** Task goal **
Make the copy match the entries below exactly, with no pictures carried over.

** Source data **
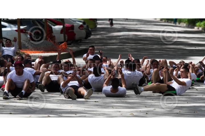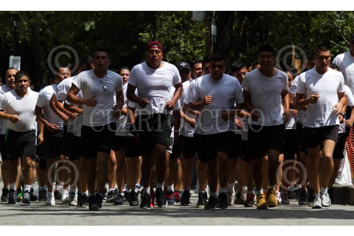 CIUDAD DE MÉXICO, 04OCTUBRE2018.- Soldados se ponen en forma en las inmediaciones del Bosque de Chapultepec, uno de los pulmones de la capital. FOTO: MOISÉS PABLO /CUARTOSCURO.COM
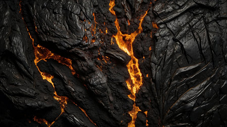 Abstract landscape of fiery lava flowing across dark terrain
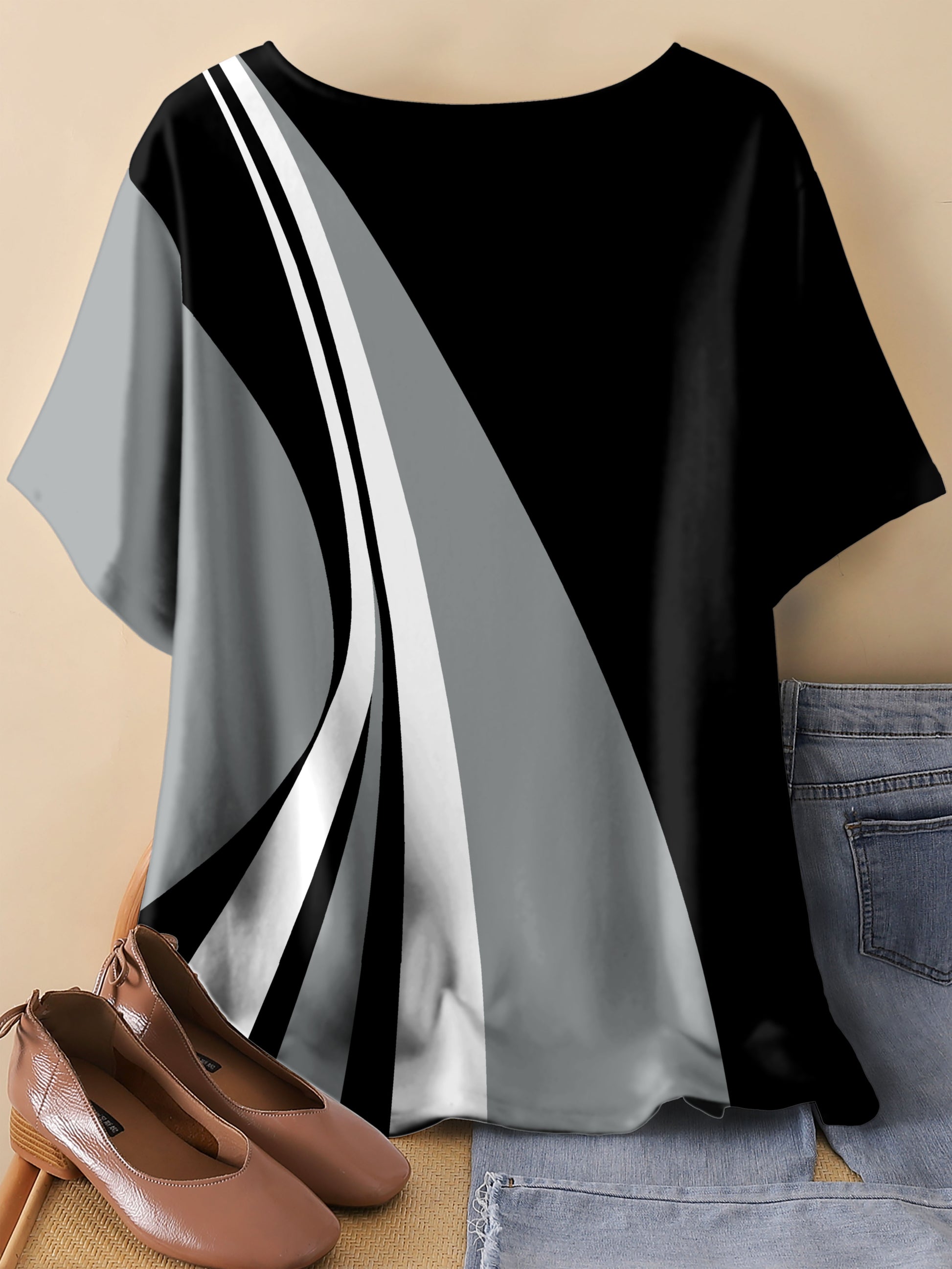 Bahor va yoz uchun rangli blokli T-ko'ylak, ayollar uchun plussiz top
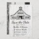 Rustic Black and White Land Barn Save the Date - En charmig, rustik lada visas på vår Spara datum. Bakgrunden är ett rostfritt vitt trä. Du kan enkelt göra vår Spara datumet Baksidan av den här charmen Spara datumet-funktionen till ett vackert foto. Unik med vår design verktyg. Om du vill anpassa Spara datumet ytterligare markerar du länken "anpassa ytterligare". Om du behöver hjälp med att anpassa "Spara datumet", tveka inte att nå ut. Spara datumet kommer att ingå i en samling. Designad av Beverly Arena-Bainbridge Bröllop Designer The Icing on the Cake https://www.facebook.com/theicingonthecakeshop e: icingonthecakeshop@icloud.com
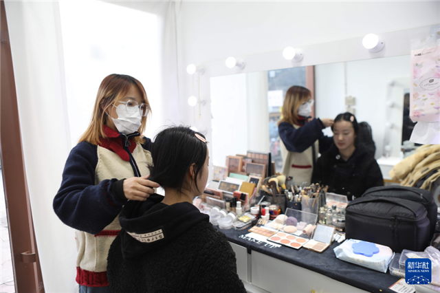 蒙春芳(左一)正在给客人化妆。新华社记者张睿 摄
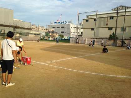 上の写真は運動場のライン引きの様子です。田川小学校はセパレートコースなので、長さをしっかりと測りながら、みんなで協力して引いています。
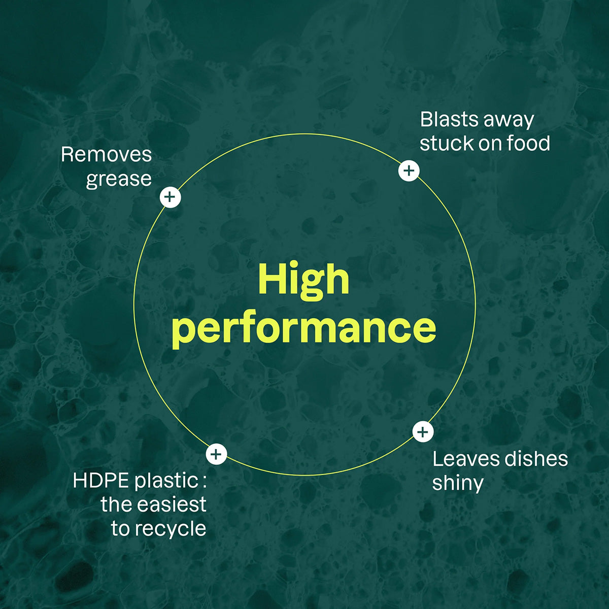 Muy eficaz para los platos, sin dañar ni la piel ni el medio ambiente ya que no deja residuos de productos químicos innecesarios.
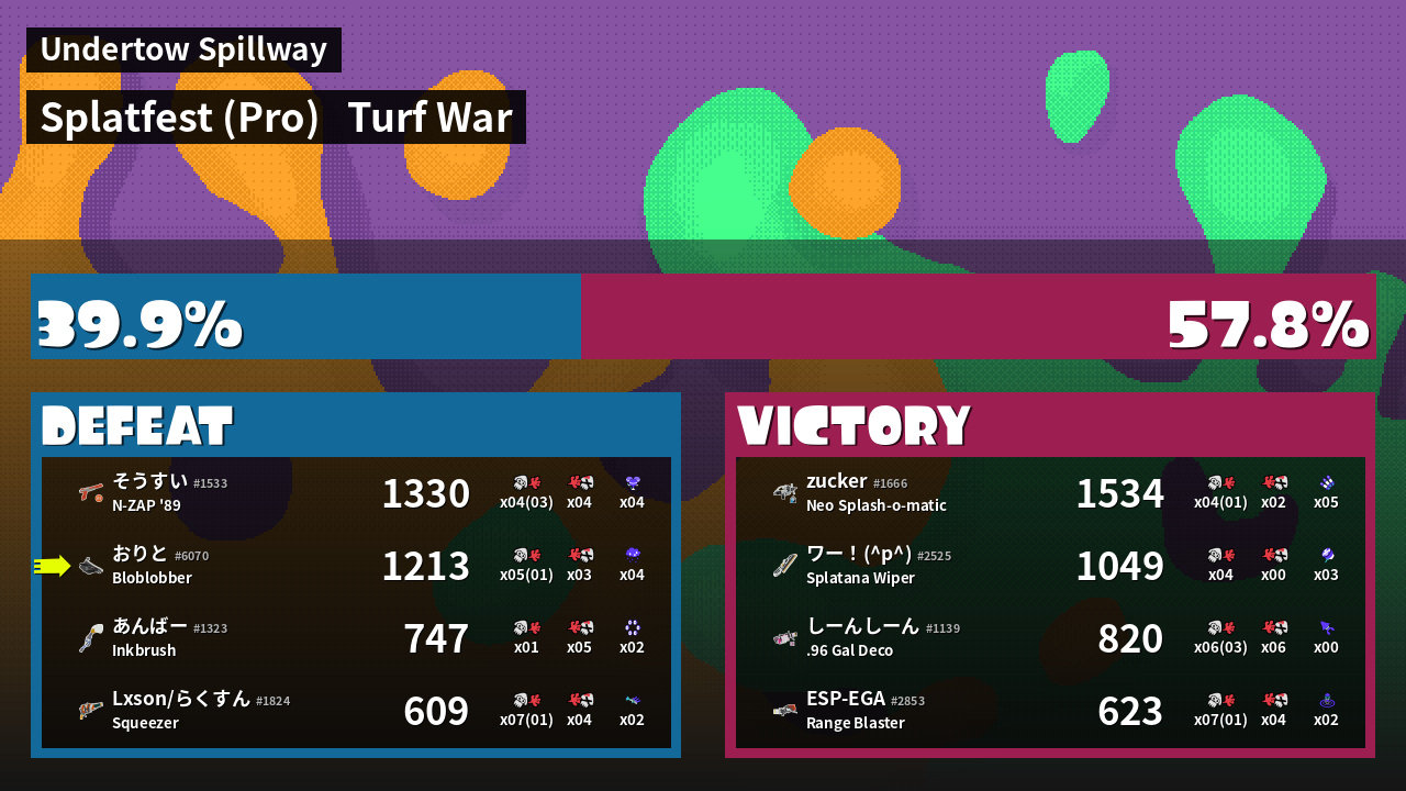 | Mode | Turf War - Splatfest (Pro) | ||
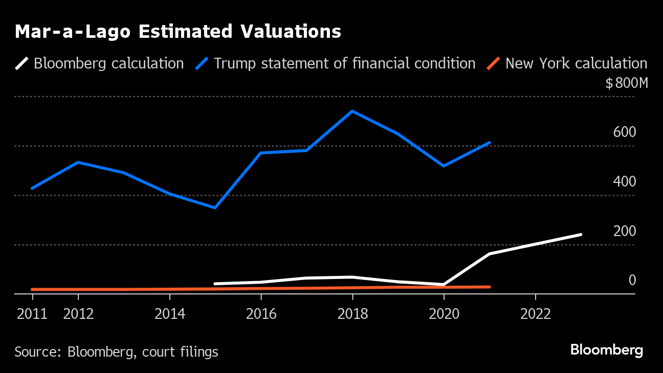 Bloomberg values Mar-a-Lago at $240 million, based on a combination of comparable residential property sales in the area as well as its value as a business, reflecting some uncertainty around its future status.
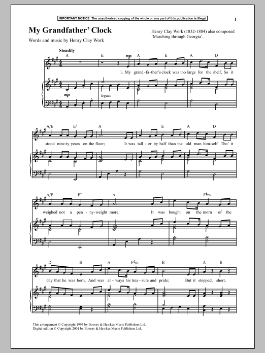 Download or print Henry Clay Work My Grandfather's Clock sheet music, chords and digital score arranged for Piano Chords/Lyrics. This Children score includes 2 page(s).
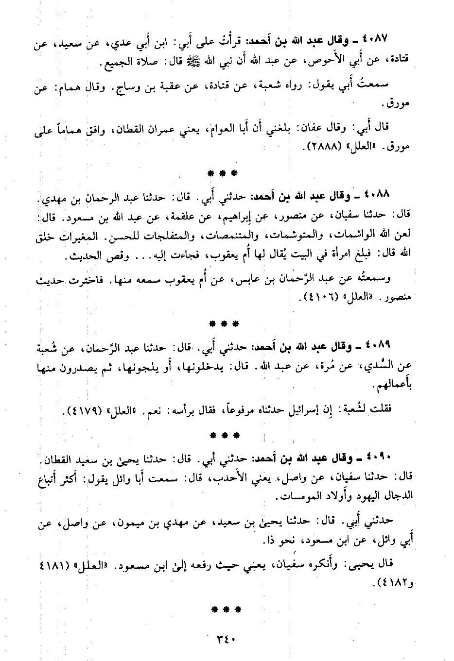 4088 - وقال عبد الله بن أحمد: حدثني أبي. قال: حدثنا عبد الرحمن بن مهدي. قال: حدثنا سفيان، عن منصور، عن إبراهيم، عن علقمة، عن عبد الله بن مسعود. قال: لعن الله الواشمات، والمتوشمات، والمتنمصات، والمتفلجات للحسن، المغيرات خلق الله قال: فبلغ امرأة في البيت يقال لها أم يعقوب، فجاءت إليه ... وقص الحديث.

** Response to this exercise **
 CIUDAD DE MÉXICO, 04OCTUBRE2018.- Soldados se ponen en forma en las inmediaciones del Bosque de Chapultepec, uno de los pulmones de la capital. FOTO: MOISÉS PABLO /CUARTOSCURO.COM
 Abstract landscape of fiery lava flowing across dark terrain
 Bahor va yoz uchun rangli blokli T-ko'ylak, ayollar uchun plussiz top
 Rustic Black and White Land Barn Save the Date - En charmig, rustik lada visas på vår Spara datum. Bakgrunden är ett rostfritt vitt trä. Du kan enkelt göra vår Spara datumet Baksidan av den här charmen Spara datumet-funktionen till ett vackert foto. Unik med vår design verktyg. Om du vill anpassa Spara datumet ytterligare markerar du länken "anpassa ytterligare". Om du behöver hjälp med att anpassa "Spara datumet", tveka inte att nå ut. Spara datumet kommer att ingå i en samling. Designad av Beverly Arena-Bainbridge Bröllop Designer The Icing on the Cake https://www.facebook.com/theicingonthecakeshop e: icingonthecakeshop@icloud.com
 蒙春芳(左一)正在给客人化妆。新华社记者张睿 摄
 上の写真は運動場のライン引きの様子です。田川小学校はセパレートコースなので、長さをしっかりと測りながら、みんなで協力して引いています。
 Muy eficaz para los platos, sin dañar ni la piel ni el medio ambiente ya que no deja residuos de productos químicos innecesarios.
 | Mode | Turf War - Splatfest (Pro) | ||
 Bloomberg values Mar-a-Lago at $240 million, based on a combination of comparable residential property sales in the area as well as its value as a business, reflecting some uncertainty around its future status.
 Download or print Henry Clay Work My Grandfather's Clock sheet music, chords and digital score arranged for Piano Chords/Lyrics. This Children score includes 2 page(s).
 4088 - وقال عبد الله بن أحمد: حدثني أبي. قال: حدثنا عبد الرحمن بن مهدي. قال: حدثنا سفيان، عن منصور، عن إبراهيم، عن علقمة، عن عبد الله بن مسعود. قال: لعن الله الواشمات، والمتوشمات، والمتنمصات، والمتفلجات للحسن، المغيرات خلق الله قال: فبلغ امرأة في البيت يقال لها أم يعقوب، فجاءت إليه ... وقص الحديث.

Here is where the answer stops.